Once you have located the line containing "RecetteUn punch éclatant" in the material below, return it exactly along with each line after it through the line containing "Upgrade your workspace".
═══ Task input
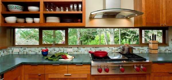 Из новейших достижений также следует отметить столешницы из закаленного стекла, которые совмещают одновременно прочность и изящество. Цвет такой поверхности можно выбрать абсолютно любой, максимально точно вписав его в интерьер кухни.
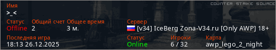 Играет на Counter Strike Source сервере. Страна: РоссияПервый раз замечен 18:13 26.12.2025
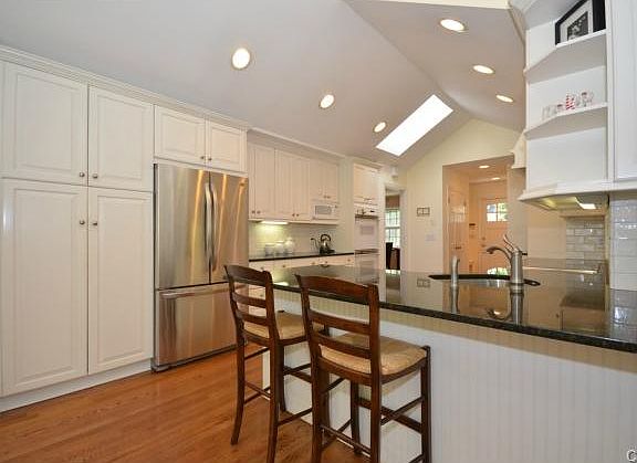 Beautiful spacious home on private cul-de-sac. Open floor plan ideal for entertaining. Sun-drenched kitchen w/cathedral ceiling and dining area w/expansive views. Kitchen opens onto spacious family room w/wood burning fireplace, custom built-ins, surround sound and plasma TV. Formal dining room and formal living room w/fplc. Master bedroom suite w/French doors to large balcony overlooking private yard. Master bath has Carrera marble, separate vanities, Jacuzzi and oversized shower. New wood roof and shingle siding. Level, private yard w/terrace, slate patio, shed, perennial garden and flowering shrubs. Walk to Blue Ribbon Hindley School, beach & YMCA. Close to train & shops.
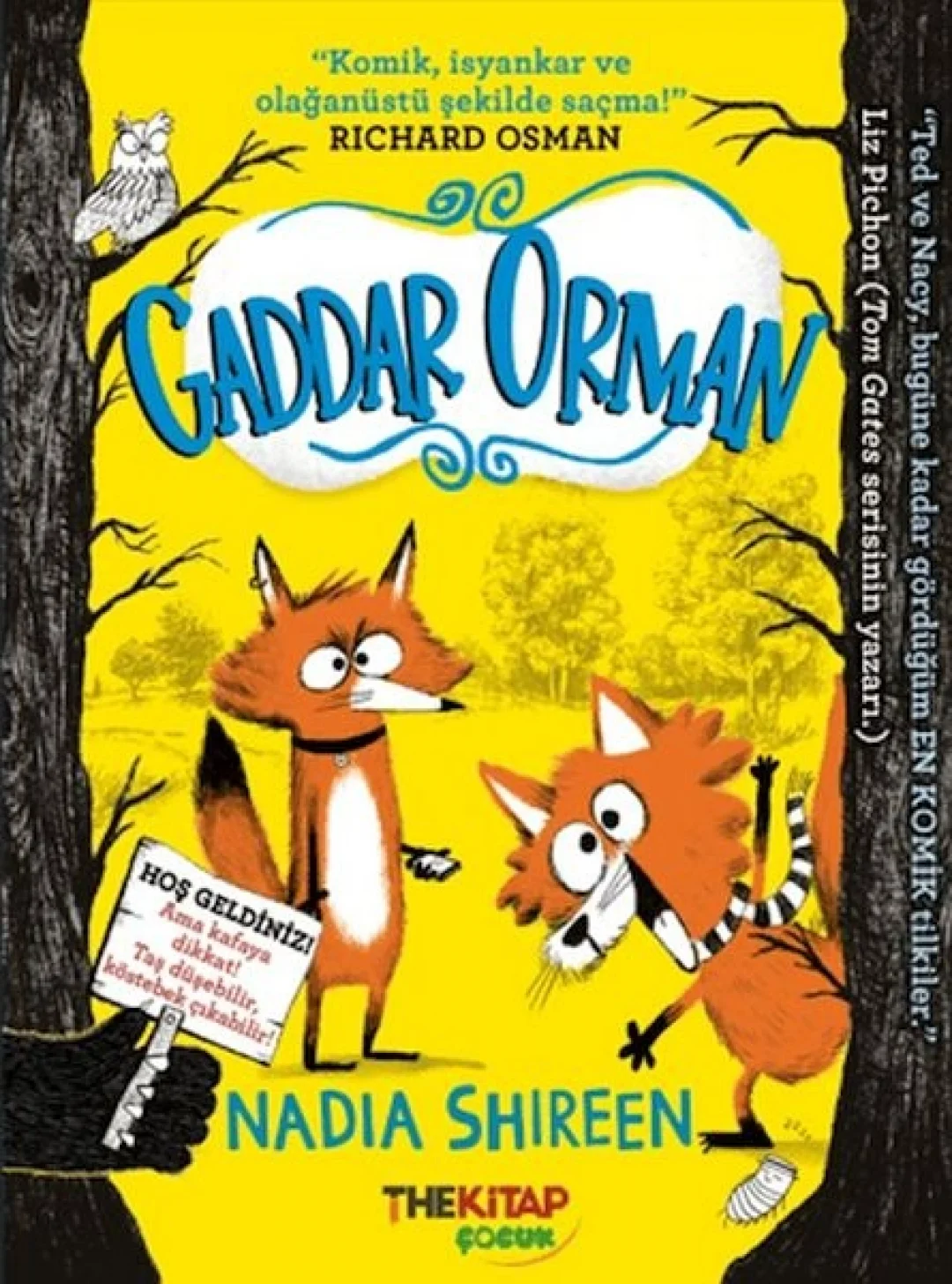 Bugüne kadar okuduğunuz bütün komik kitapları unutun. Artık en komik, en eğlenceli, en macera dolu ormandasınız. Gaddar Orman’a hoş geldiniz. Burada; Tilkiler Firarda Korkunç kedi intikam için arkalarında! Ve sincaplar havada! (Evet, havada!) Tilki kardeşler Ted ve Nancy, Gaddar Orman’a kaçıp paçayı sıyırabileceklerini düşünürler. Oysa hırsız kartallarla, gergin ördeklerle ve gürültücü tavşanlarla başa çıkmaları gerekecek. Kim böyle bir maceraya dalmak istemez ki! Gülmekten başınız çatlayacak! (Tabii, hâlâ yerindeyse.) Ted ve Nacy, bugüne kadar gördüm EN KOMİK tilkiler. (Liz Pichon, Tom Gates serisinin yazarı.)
══════
═══ Task input
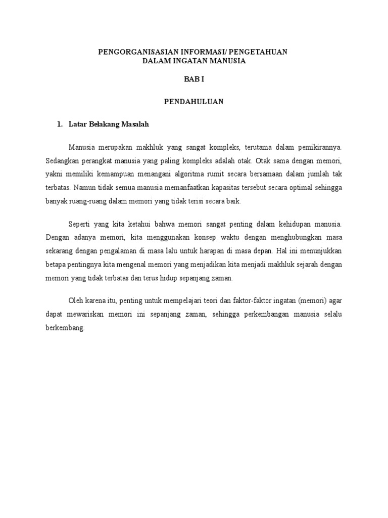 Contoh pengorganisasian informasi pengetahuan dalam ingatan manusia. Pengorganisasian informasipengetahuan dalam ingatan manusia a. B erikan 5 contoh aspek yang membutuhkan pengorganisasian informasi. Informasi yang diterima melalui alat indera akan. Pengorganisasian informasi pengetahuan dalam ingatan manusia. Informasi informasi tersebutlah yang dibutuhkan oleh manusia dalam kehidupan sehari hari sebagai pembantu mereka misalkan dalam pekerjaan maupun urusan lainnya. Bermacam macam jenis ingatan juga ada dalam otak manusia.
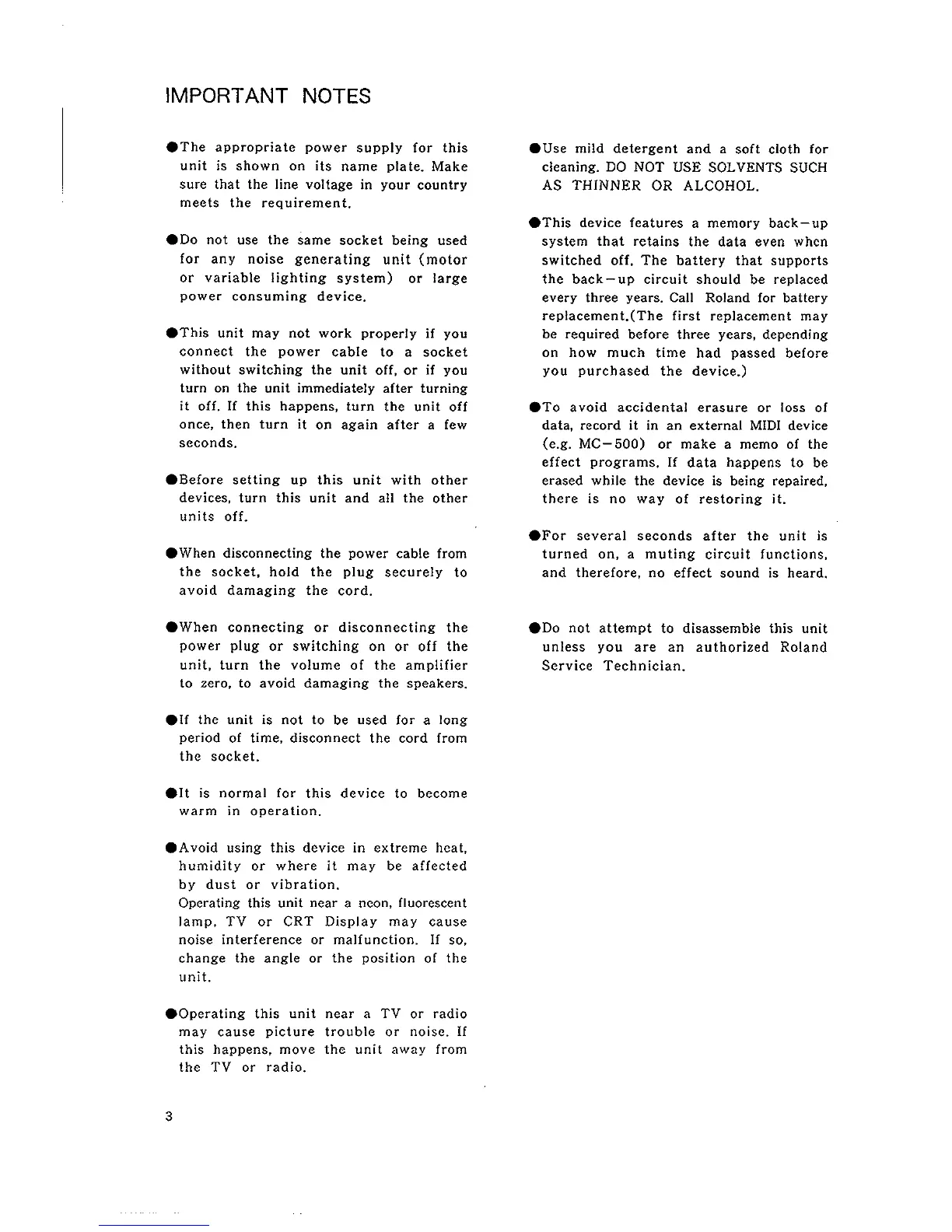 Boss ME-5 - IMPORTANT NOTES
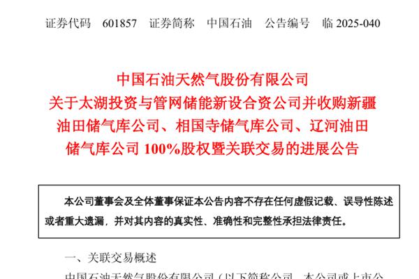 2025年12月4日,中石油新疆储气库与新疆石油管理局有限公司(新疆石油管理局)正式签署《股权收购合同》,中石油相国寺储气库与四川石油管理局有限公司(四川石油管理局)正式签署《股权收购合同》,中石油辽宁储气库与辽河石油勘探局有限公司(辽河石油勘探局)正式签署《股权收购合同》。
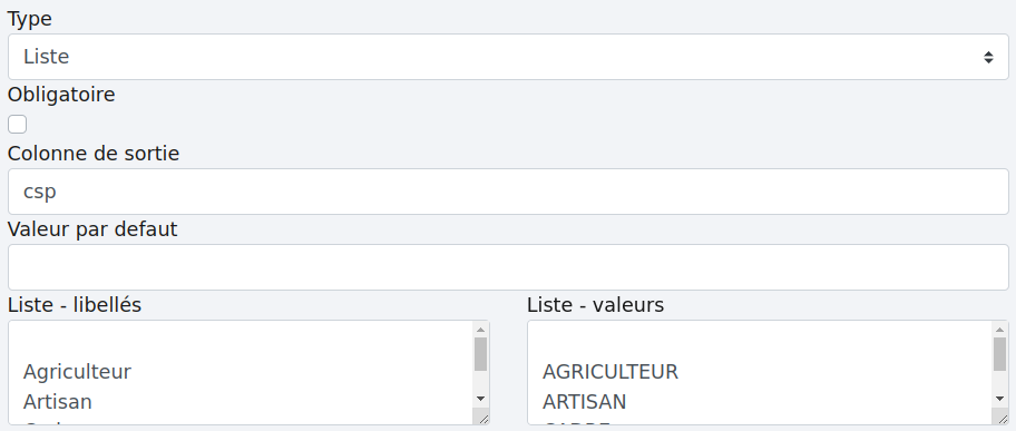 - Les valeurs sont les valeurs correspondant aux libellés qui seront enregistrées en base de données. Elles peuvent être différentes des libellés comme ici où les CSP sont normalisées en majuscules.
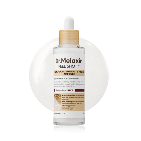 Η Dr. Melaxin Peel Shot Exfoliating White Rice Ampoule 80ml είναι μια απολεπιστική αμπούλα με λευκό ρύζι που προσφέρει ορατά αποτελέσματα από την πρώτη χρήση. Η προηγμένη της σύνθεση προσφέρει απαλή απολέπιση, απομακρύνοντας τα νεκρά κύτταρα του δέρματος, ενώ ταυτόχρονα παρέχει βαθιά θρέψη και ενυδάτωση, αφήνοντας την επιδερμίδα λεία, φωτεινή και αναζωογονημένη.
══════
═══ Task input
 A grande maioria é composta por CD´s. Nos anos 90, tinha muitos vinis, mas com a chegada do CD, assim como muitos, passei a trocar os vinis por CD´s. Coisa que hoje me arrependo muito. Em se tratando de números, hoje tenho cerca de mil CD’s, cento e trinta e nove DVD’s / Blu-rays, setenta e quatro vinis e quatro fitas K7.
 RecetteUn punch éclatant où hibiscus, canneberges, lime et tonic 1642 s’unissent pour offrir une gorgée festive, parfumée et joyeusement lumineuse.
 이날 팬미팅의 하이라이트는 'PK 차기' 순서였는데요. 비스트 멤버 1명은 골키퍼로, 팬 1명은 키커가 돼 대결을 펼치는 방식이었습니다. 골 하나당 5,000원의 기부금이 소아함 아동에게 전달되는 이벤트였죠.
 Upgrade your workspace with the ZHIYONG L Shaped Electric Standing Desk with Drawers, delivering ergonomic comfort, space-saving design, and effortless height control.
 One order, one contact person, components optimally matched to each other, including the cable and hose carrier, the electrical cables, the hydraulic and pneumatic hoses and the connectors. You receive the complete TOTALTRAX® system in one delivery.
══════
Written answer:
 RecetteUn punch éclatant où hibiscus, canneberges, lime et tonic 1642 s’unissent pour offrir une gorgée festive, parfumée et joyeusement lumineuse.
 이날 팬미팅의 하이라이트는 'PK 차기' 순서였는데요. 비스트 멤버 1명은 골키퍼로, 팬 1명은 키커가 돼 대결을 펼치는 방식이었습니다. 골 하나당 5,000원의 기부금이 소아함 아동에게 전달되는 이벤트였죠.
 Upgrade your workspace with the ZHIYONG L Shaped Electric Standing Desk with Drawers, delivering ergonomic comfort, space-saving design, and effortless height control.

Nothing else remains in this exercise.